Stored dataset items:

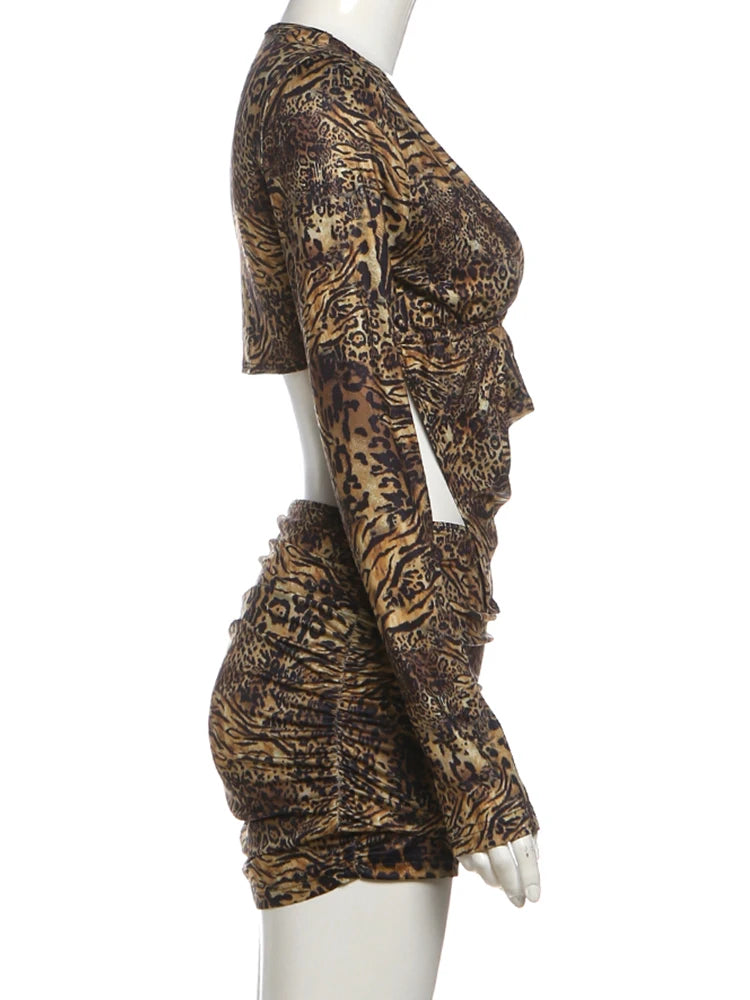 Two-Piece Leopard Print Crop Top + Mini Skirt
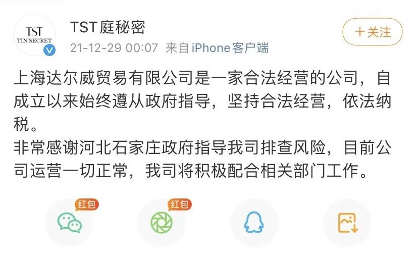 对此,TST庭秘密29日在官方微博回应称,上海达尔威是一家合法经营的公司,自成立以来始终遵从政府指导,坚持合法经营,依法纳税。非常感谢河北石家庄政府指导公司排查风险,目前公司运营一切正常,公司将积极配合相关部门工作。
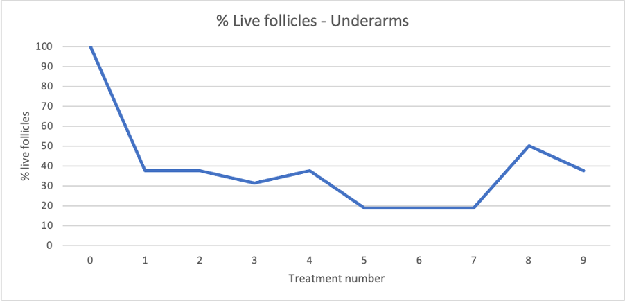 Then there is not much change in the overall number of live, visible follicles until after session 4, where the percentages drop from around 40 to 20. After session 7, we see a rise in the number of live, visible follicles – the percentage jumps back up to nearly 50%!!
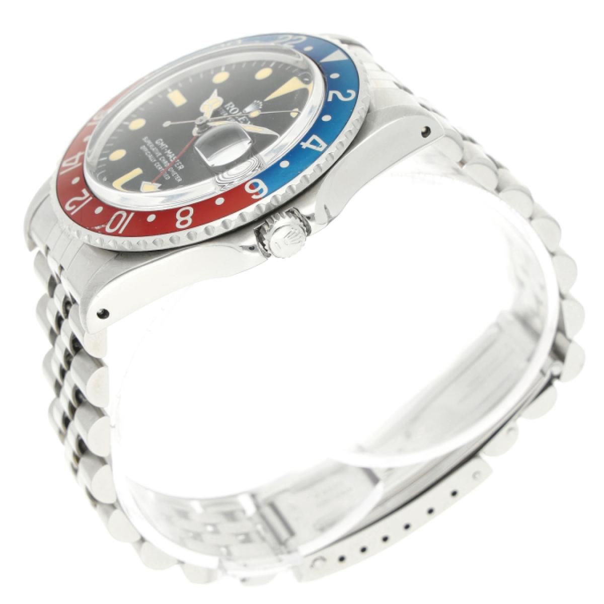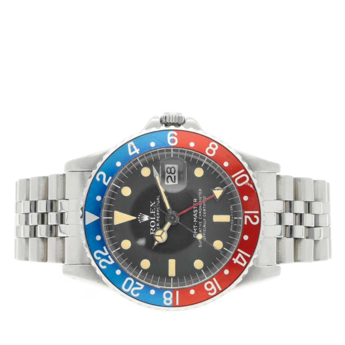 Rolex GMT-Master from 1977 with a 40mm stainless steel case and folding clasp. The men's Rolex watch is in good condition.Good conditionRef. 1675Vintage40mmDate + GMTAutomaticChronometerBlack Dial
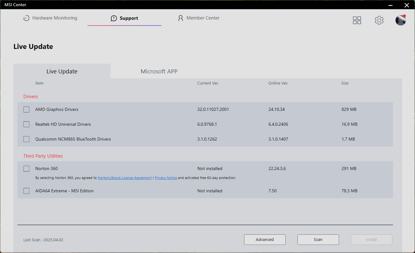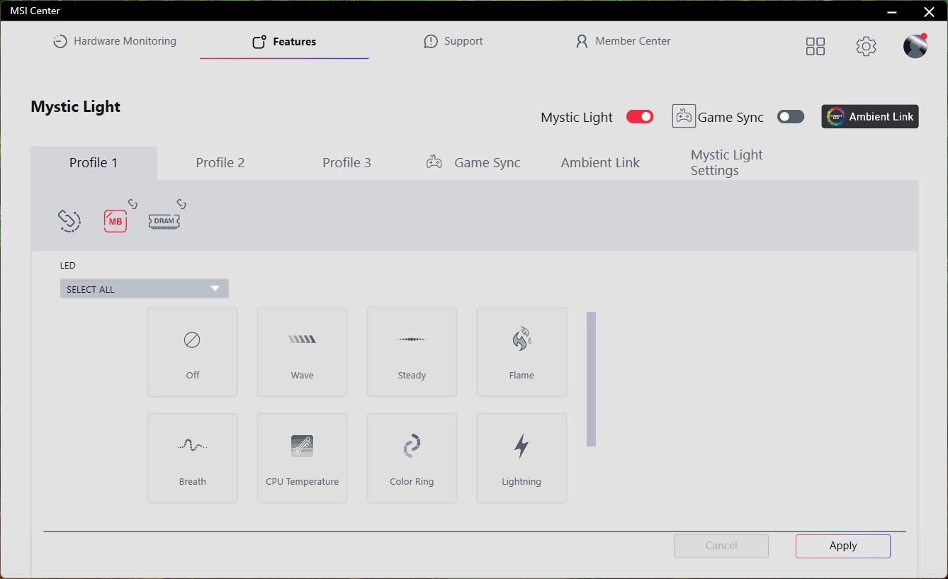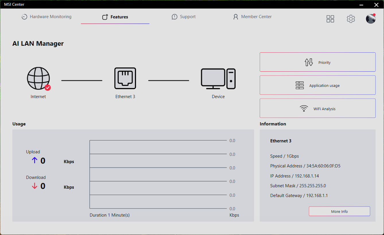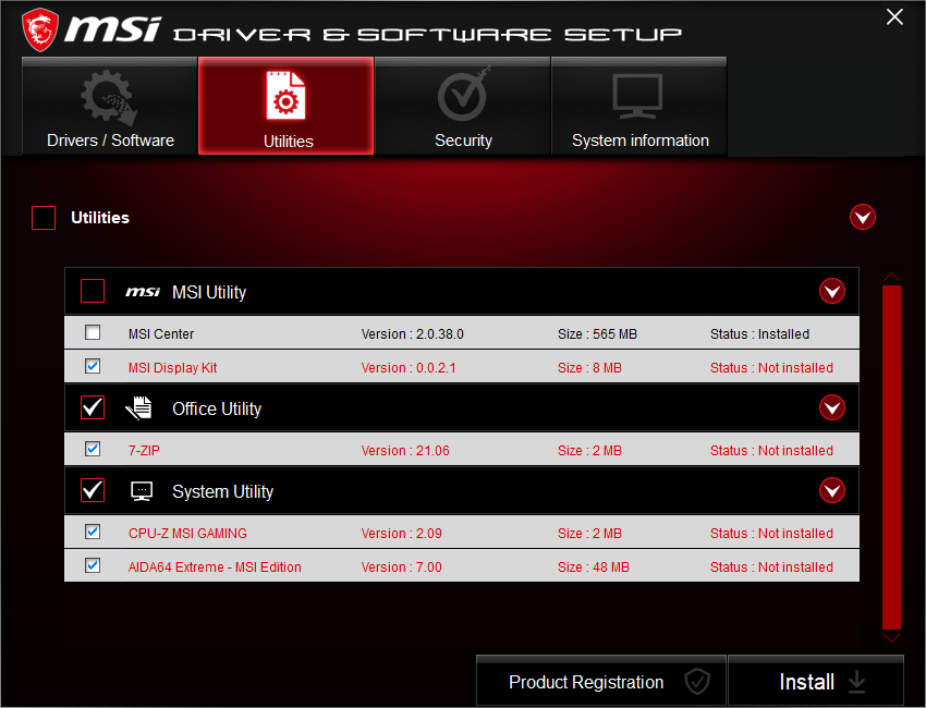 Головне ядро фірмового ПЗ виробника — MSI Center. Це модульний застосунок, який користувач самостійно налаштовує під свої завдання. Він може бути простим засобом моніторингу системи та материнської плати, але якщо необхідно — перетвориться на функціональний програмний комплекс з багатими можливостями.

> [ACTIVITY]
Give back exactly the lines from the one with "Rolex GMT-Master from" through the end of the records above, inclusive, and omit any pictures.

> [SOLUTION TO THIS TASK]
 Rolex GMT-Master from 1977 with a 40mm stainless steel case and folding clasp. The men's Rolex watch is in good condition.Good conditionRef. 1675Vintage40mmDate + GMTAutomaticChronometerBlack Dial
 Головне ядро фірмового ПЗ виробника — MSI Center. Це модульний застосунок, який користувач самостійно налаштовує під свої завдання. Він може бути простим засобом моніторингу системи та материнської плати, але якщо необхідно — перетвориться на функціональний програмний комплекс з багатими можливостями.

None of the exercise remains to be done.